Looting and Language: Seeing Right-Side Up Through the Smoke of Burning Cities

Everyone by now has seen commentary on the “looting” that has taken place amidst the smoke in Minneapolis and other cities. It’s true that lots of looting occurs in the United States. The problem is that the word “looting” is being used dog whistle style, mostly by politicians and others to deflect attention away from sanctioned police violence against citizens exercising First Amendment rights to demand justice and to delegitimize the reason citizens have been in the streets for the past week. So what is looting?

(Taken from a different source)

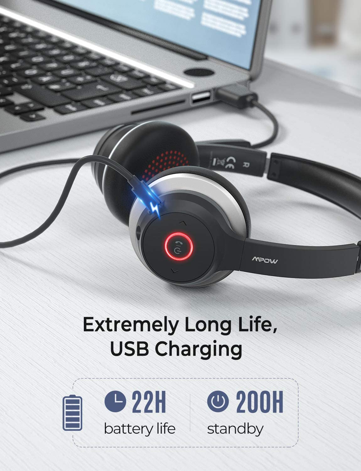 [Mpow] HC5 Wireless and Wired Headset with Dual Microphone, Bluetooth headset 5.0 with CVC 8.0 Noise Canceling Microphone, 22Hrs Talk Time, Comfort Earmuff, Handsfree Wireless Headphone with Mute for

Tamika Mallory and Arundhati Roy have flipped the narrative on looting, showing that its meaning and usage have been inverted and normalized over time. Mallory gave a fiery truth-to-power speech saying the:

“American government, institutions, and those people who are in positions of power … are the looters, looting is what you do, we learned it from you…”

Colonialism and slavery indeed have an enduring historical arc that amounts to looting in its most brutal, systemic, and disembodying form.

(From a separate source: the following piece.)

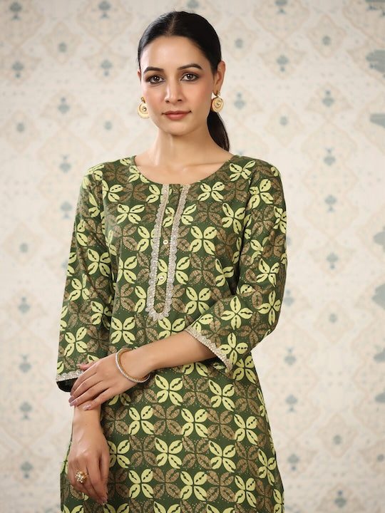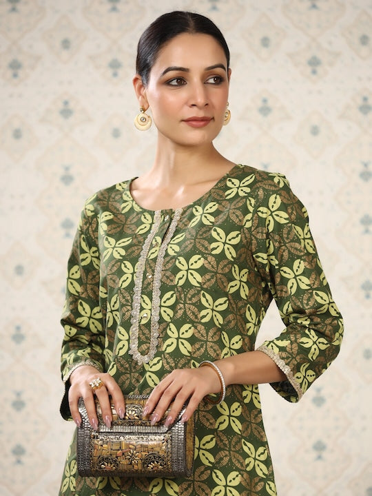 House of Pataudi Floral Printed Round Neck Kurta

Since AIRE works for community-owned renewable energy (where ownership, control and benefit are central, and where the public good, not private profit take precedence), what about energy and society in this looting context? How do the fossil fuel industry and the big monopoly utilities loot? The fancy word, “externalities” is a cover to dump the deadly byproducts of their profits. Neither the sky, landscapes, waterways, communities, nor human bodies should be a dumping site for the sake of maximizing profit. The climate emergency is only the most egregious consequence since it implicates the fate of human civilization, a problem that is no longer mere polemics. In another example, the federal treasury by virtue of the massive corporate coronavirus “bailout” was just looted. Finally, big corporate monopoly utilities ring up massive profits each year, pay no taxes and even get tax kickbacks, and pay top executives many millions of dollars every year. Of course these forms of looting are non-stories to corporate media nor are they as “exciting” for their commercial audience as are images of broken glass, smoke and rage in the streets. Instead, this type of looting is a sophisticated sleight of hand performed by politicians, lobbyists, and corporate leaders that is an increasingly shocking, brazen, and dangerous taking of what is not theirs to take. This should not be “normal.”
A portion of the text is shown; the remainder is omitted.